(TASK ITEM): Give the listing again exactly, omitting its images.

(DATA PROVIDED):
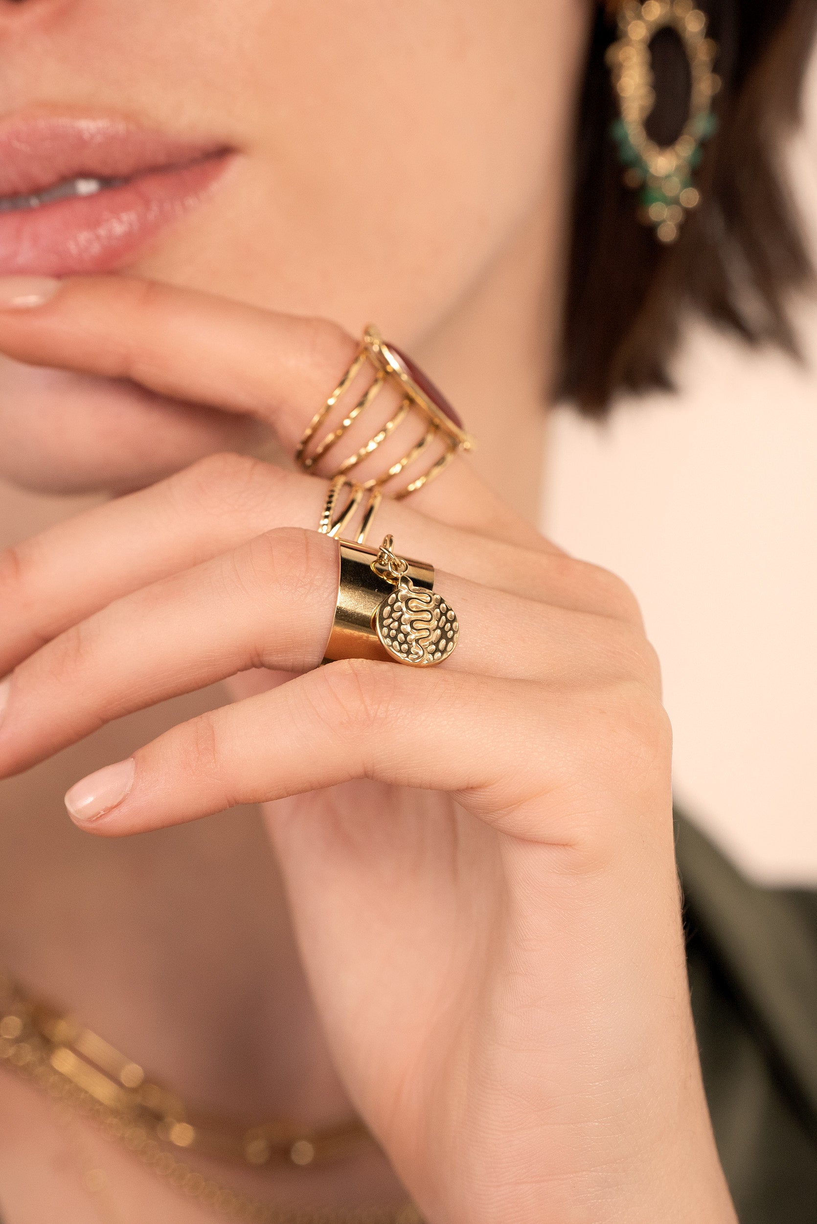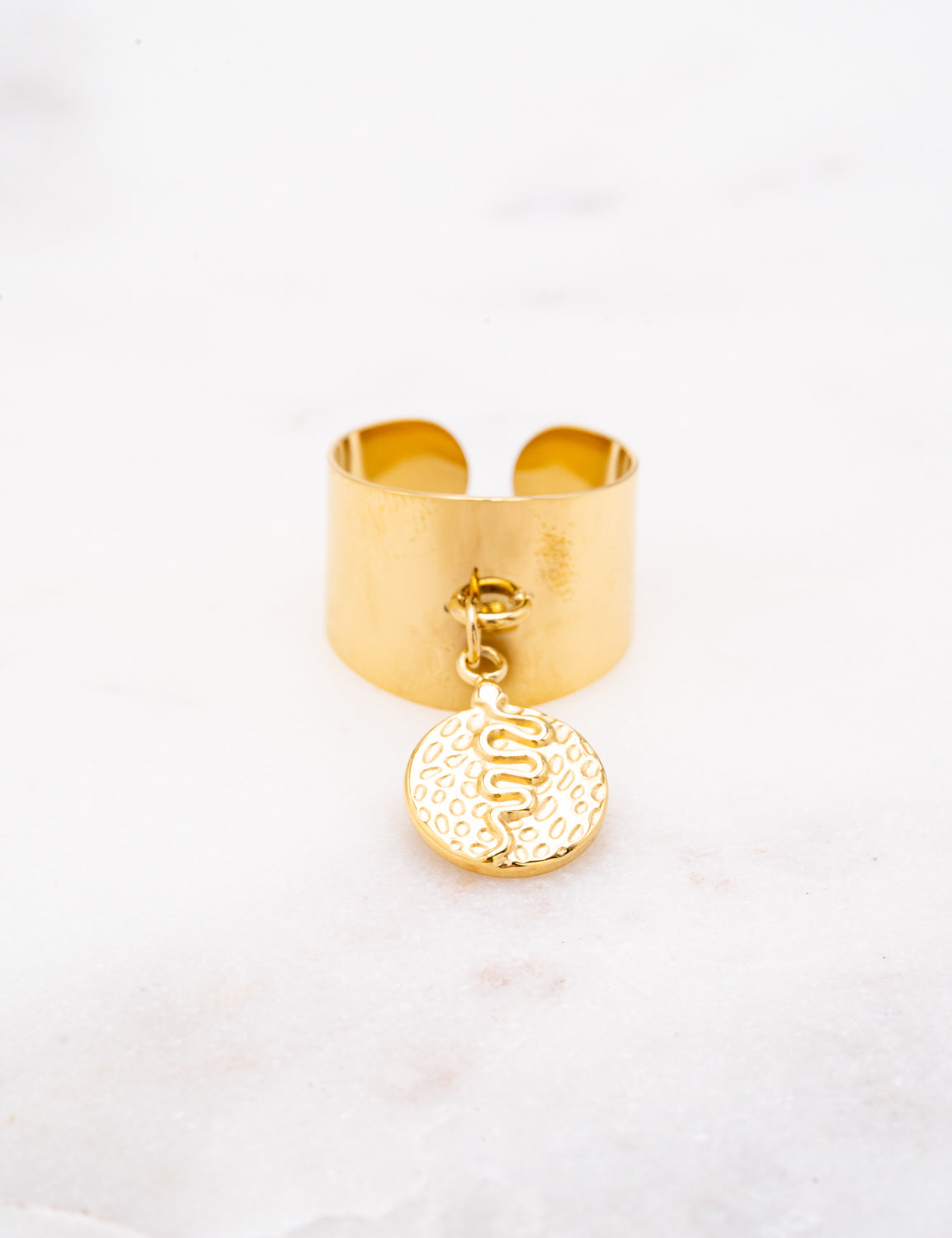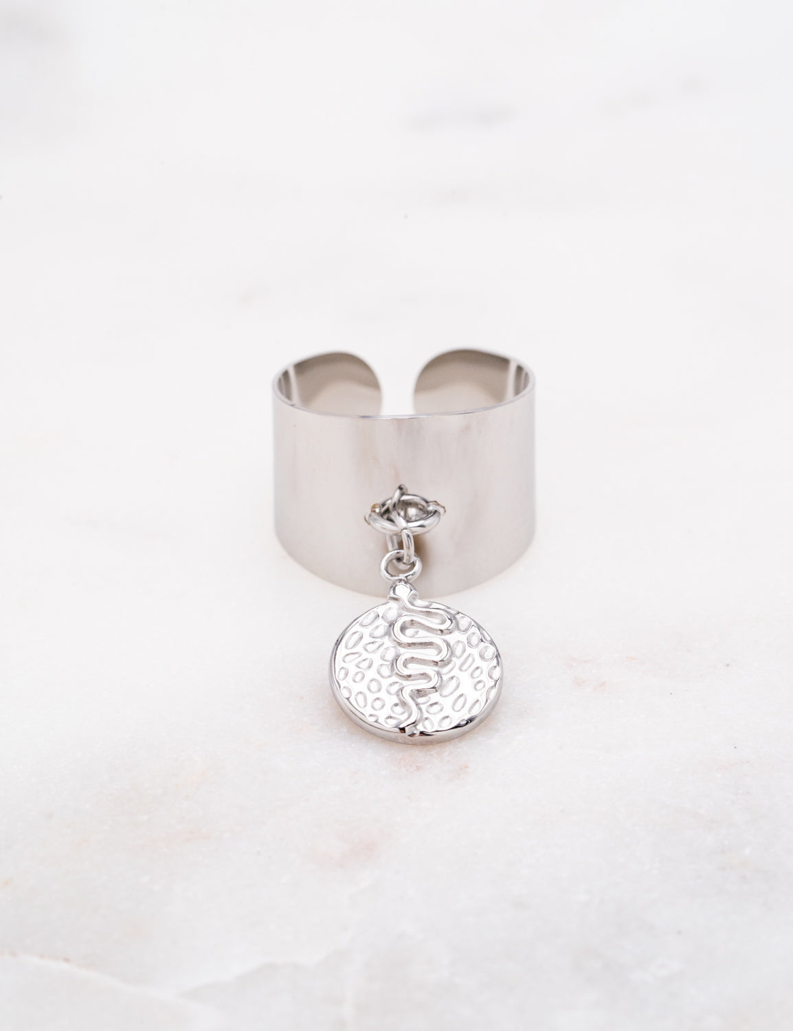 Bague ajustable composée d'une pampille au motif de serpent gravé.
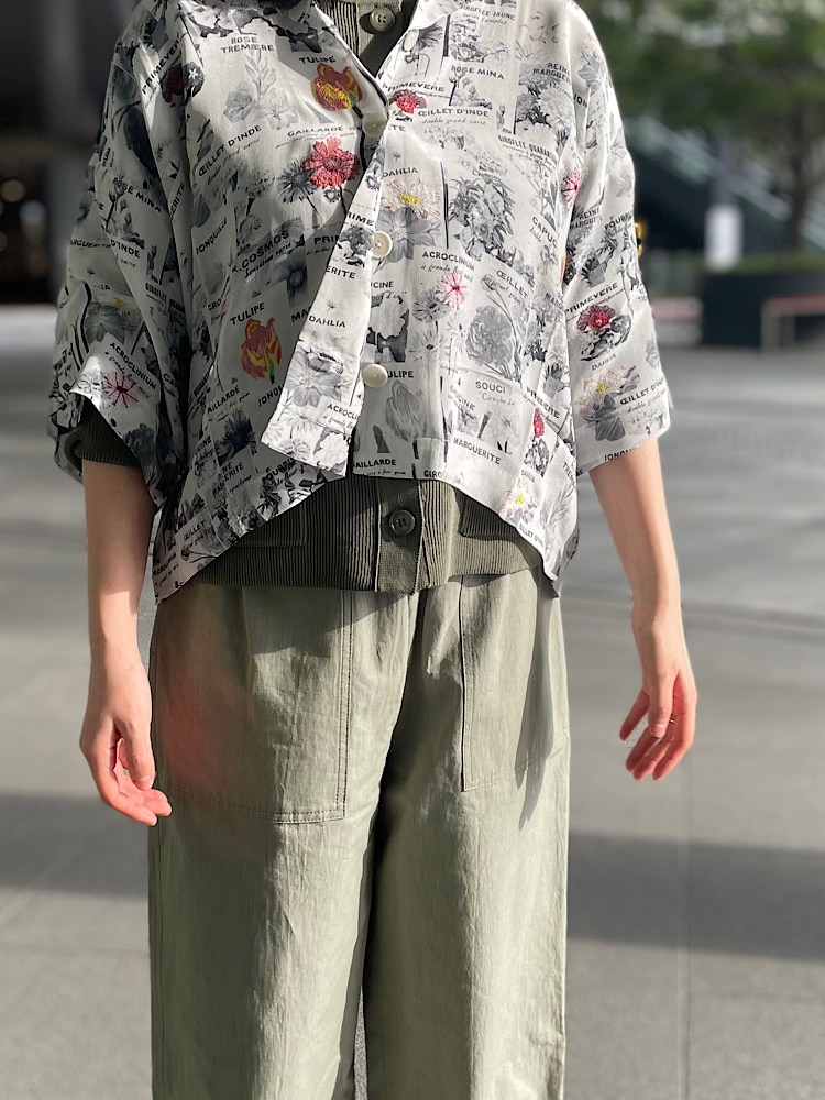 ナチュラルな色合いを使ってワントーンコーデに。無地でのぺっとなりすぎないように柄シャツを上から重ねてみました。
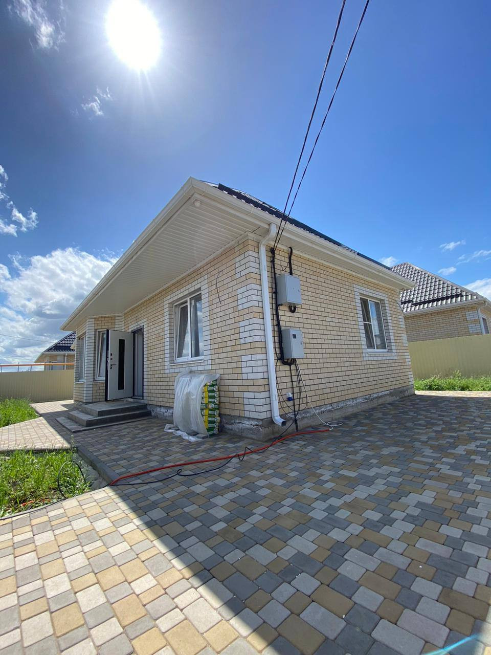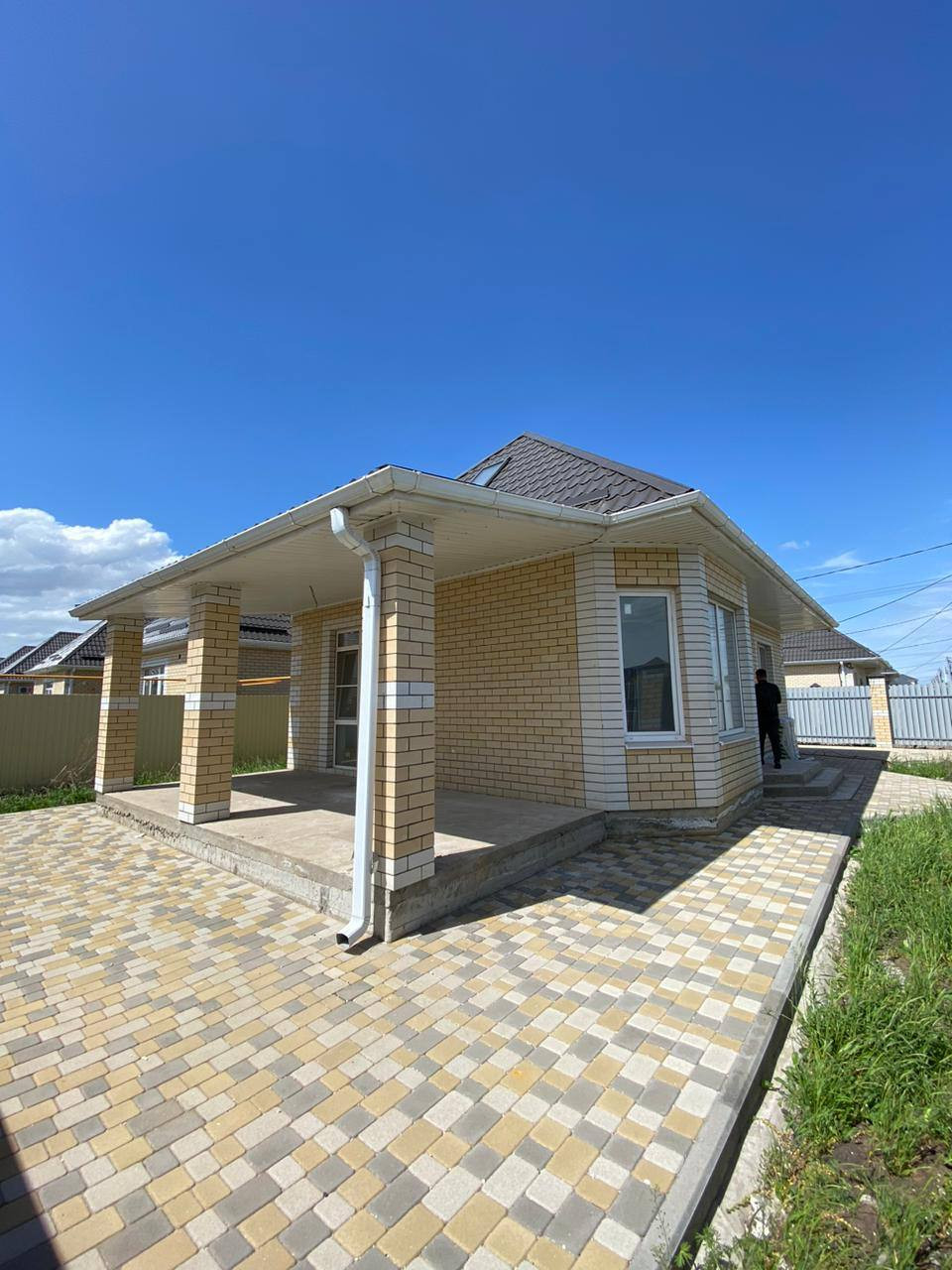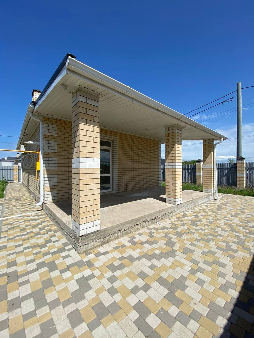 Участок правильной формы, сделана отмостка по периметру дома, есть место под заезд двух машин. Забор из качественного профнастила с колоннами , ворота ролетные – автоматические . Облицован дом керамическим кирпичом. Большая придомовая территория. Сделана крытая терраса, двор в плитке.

(TASK OUTPUT):
 Bague ajustable composée d'une pampille au motif de serpent gravé.
 ナチュラルな色合いを使ってワントーンコーデに。無地でのぺっとなりすぎないように柄シャツを上から重ねてみました。
 Участок правильной формы, сделана отмостка по периметру дома, есть место под заезд двух машин. Забор из качественного профнастила с колоннами , ворота ролетные – автоматические . Облицован дом керамическим кирпичом. Большая придомовая территория. Сделана крытая терраса, двор в плитке.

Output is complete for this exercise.